Spreading pressure bumps in gas-dust discs can stall planet migration via planet-vortex interactions
Abstrakt
We investigate the gravitational interaction between low- to intermediate-mass planets (M-p is an element of [0.06 - 210] M-circle plus) and two previously formed pressure bumps in a gas-dust protoplanetary disc. We explore how the disc structure changes due to planetinduced perturbations and also how the appearance of vortices affects planet migration.
We use multifluid 2D hydrodynamical simulations and the dust is treated in the pressureless-fluid approximation, assuming a single grain size of 5 mu m. The initial surface density profiles containing two bumps are motivated by recent observations of the protoplanetary disc HD163296.
When planets are allowed to migrate, either a single planet from the outer pressure maximum or two planets from each pressure maximum, the initial pressure bumps quickly spread and merge into a single bump which is radially wide and has a very low amplitude. The redistribution of the disc material is accompanied by the Rossby Wave Instability and an appearance of mini-vortices that merge in a short period of time to form a large vortex.
The large vortex induces perturbations with a spiral wave pattern that propagate away from the vortex as density waves.

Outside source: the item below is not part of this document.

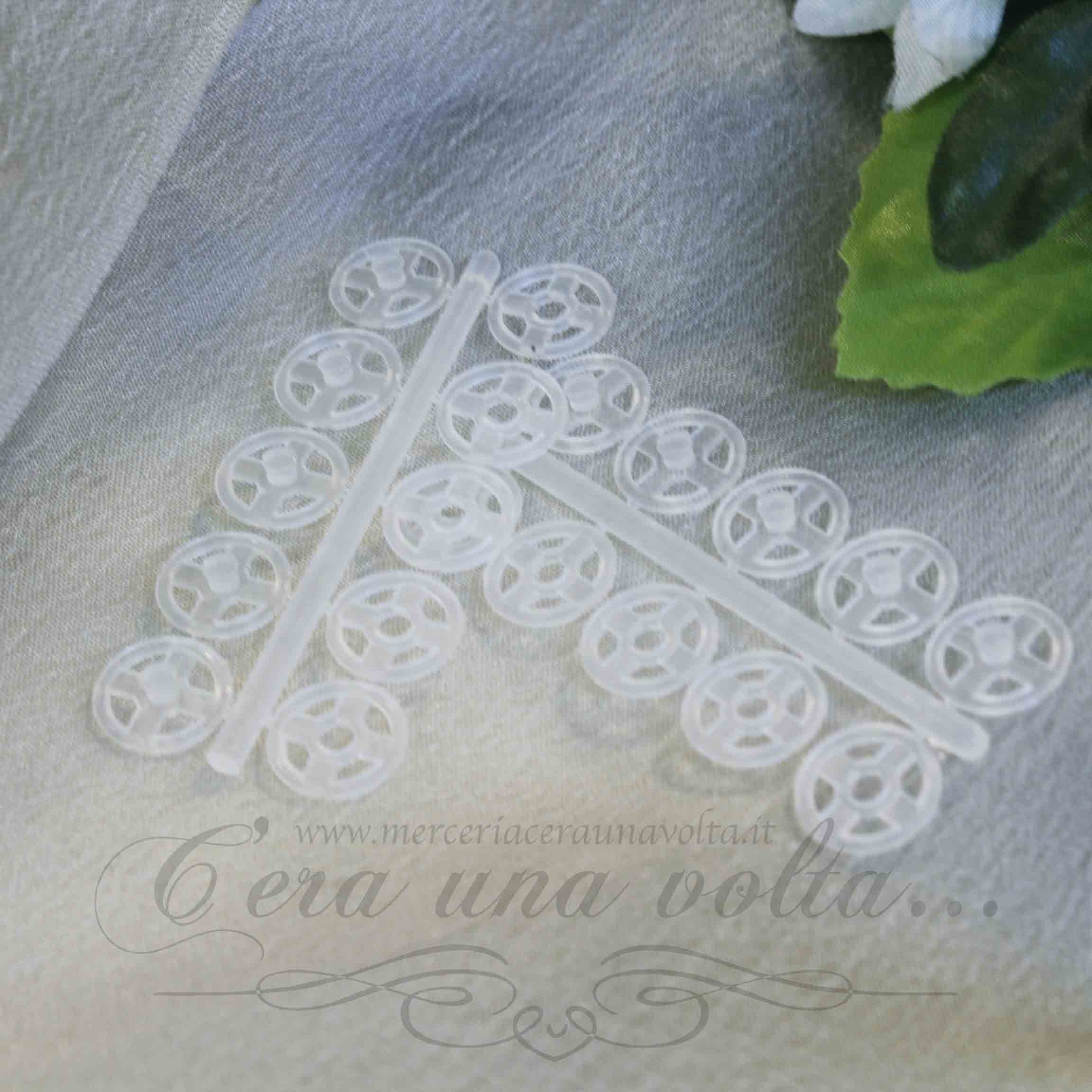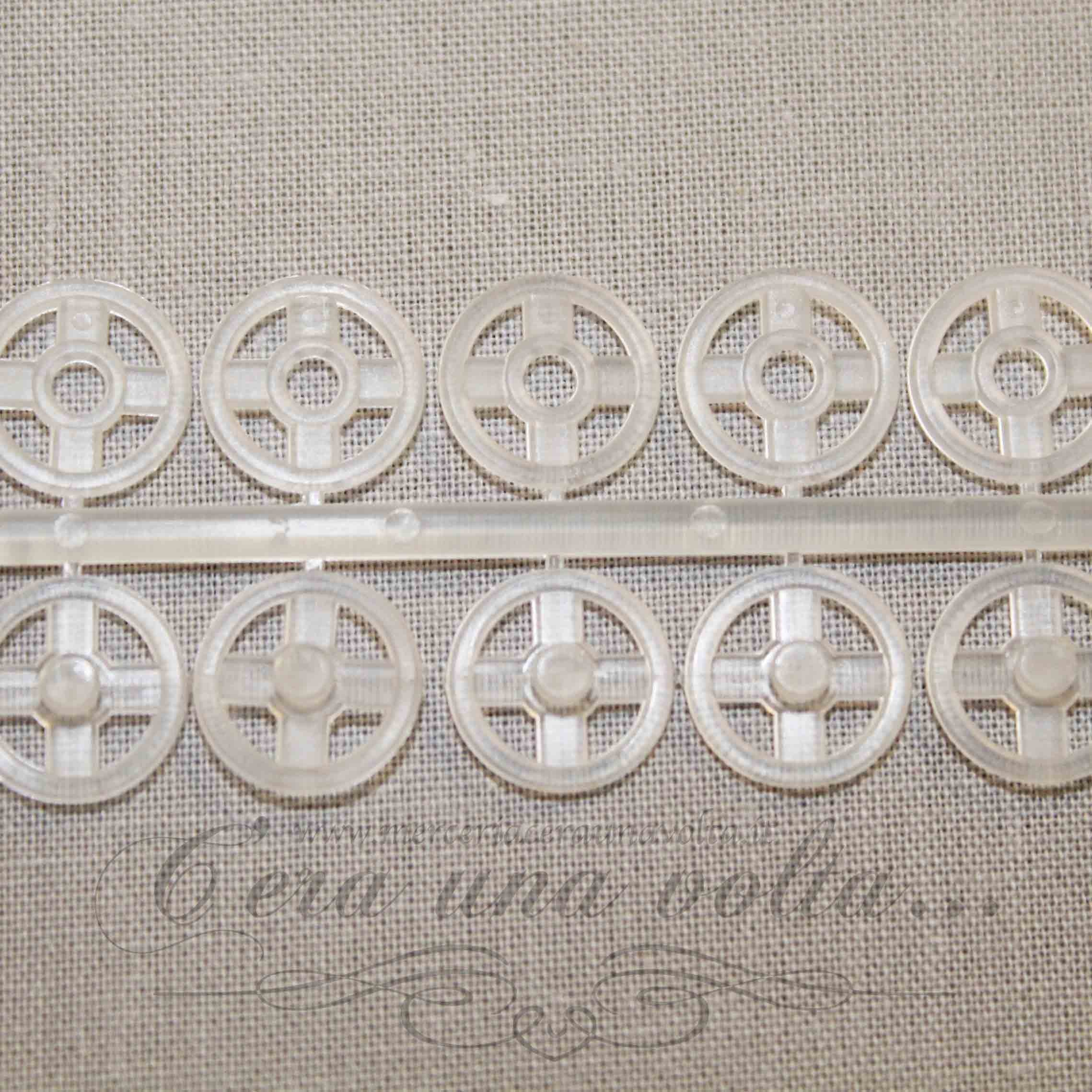 Bottone automatico in plastica infrangilbile trasparente di alta qualità, con foro di posizione, la parte inferiore ha il bordo arrotondato, quindi non presenta spigoli vivi, la stoffa è così protetta da ogni danno. La loro composizione li rende particolarmente adatti per indumenti leggeri. Dotato di 4 fori per la cucitura in modo di assicurare la chiusura a scatto in modo sicuro e durevole. Possono essere lavati a temperature fino a 95°

We found that these vortex-induced spiral waves strongly interact with the spiral waves generated by the planet and we called this mechanism the 'Faraway Interaction'.
It facilitates much slower and/or stagnant migration of the planets and it excites their orbital eccentricities in some cases. Our study provides a new explanation for how rocky planets can come to have a slow migration in protoplanetary discs where vortex formation occurs.